Start of Data section
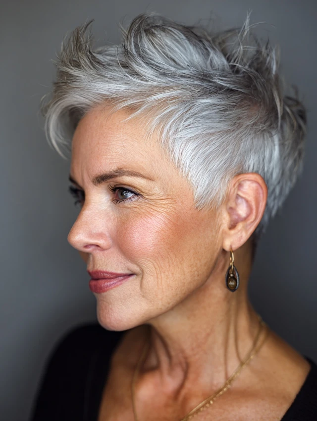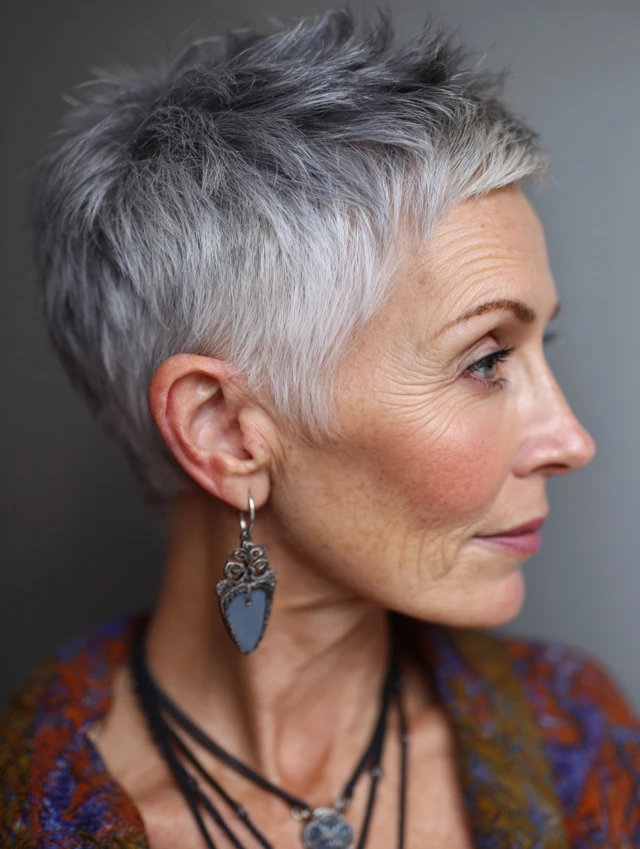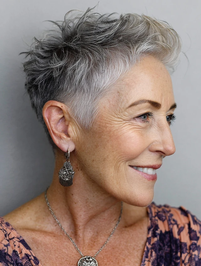 Undercut pixie haircuts for women over 50 are a powerful way to express personal style while keeping hair manageable. With a mix of soft top layers and clean, short sides, this look offers both elegance and edge.
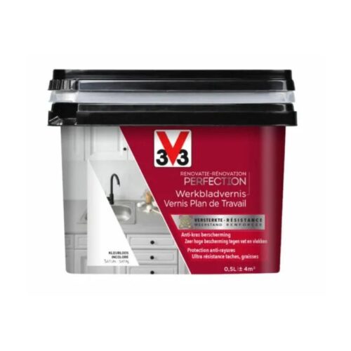 Le vernis Plans de Travail de la marque V33 a été conçu pour créer une couche de protection sur des surfaces horizontales telles que les plans de travail et les plans vasques.
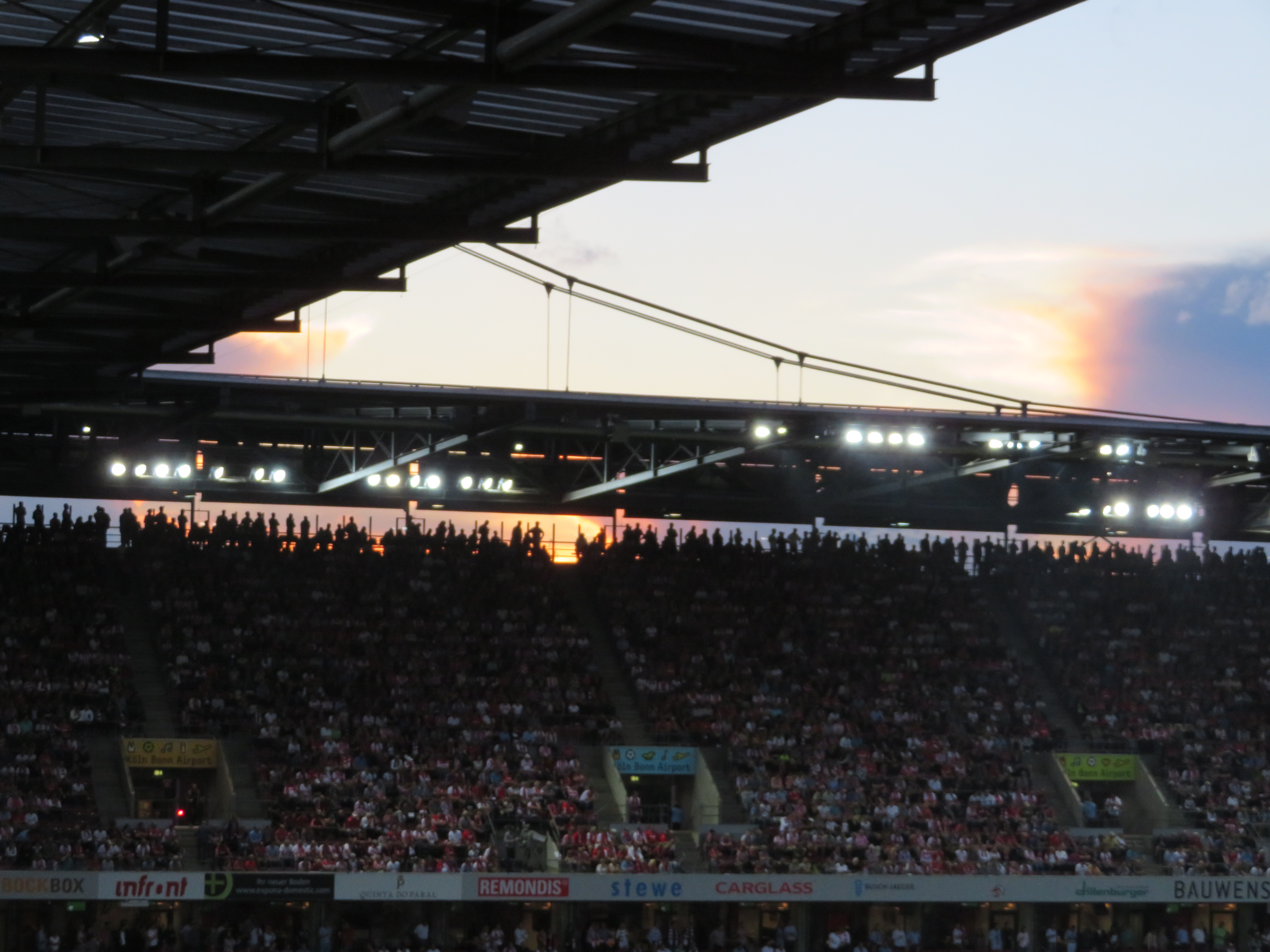 Auch der Montag bot eine Reise in die groundhopperischen Amivalenzen, denn es sollte wieder zum Fußball gehen. Die DFL hatte sich nicht lumpen lassen und auf diesen Montagabend das Spiel zwischen Köln und Union Berlin gelegt. Also eine Anreise von 550 Kilometern pro Strecke. Wahnsinn! Nach der Arbeit ging es mit dem Zug in Richtung Köln Süd. Um die notorisch schreckliche Straßenbahnreise in Köln zu vermeiden, entschieden wir uns die fünf Kilometer bis zum Stadion heute zu Fuß zurückzulegen. Da das Wetter sich etwas stabilisiert hatte, machte das auch durchaus Spaß.
End of Data section
*What you have to do*: Your answer must be only the lines from the one that holds "Le vernis Plans" to the end of the listing, each restated word for word, with both ends kept and pictures left out.

*Answer to the exercise*:
 Le vernis Plans de Travail de la marque V33 a été conçu pour créer une couche de protection sur des surfaces horizontales telles que les plans de travail et les plans vasques.
 Auch der Montag bot eine Reise in die groundhopperischen Amivalenzen, denn es sollte wieder zum Fußball gehen. Die DFL hatte sich nicht lumpen lassen und auf diesen Montagabend das Spiel zwischen Köln und Union Berlin gelegt. Also eine Anreise von 550 Kilometern pro Strecke. Wahnsinn! Nach der Arbeit ging es mit dem Zug in Richtung Köln Süd. Um die notorisch schreckliche Straßenbahnreise in Köln zu vermeiden, entschieden wir uns die fünf Kilometer bis zum Stadion heute zu Fuß zurückzulegen. Da das Wetter sich etwas stabilisiert hatte, machte das auch durchaus Spaß.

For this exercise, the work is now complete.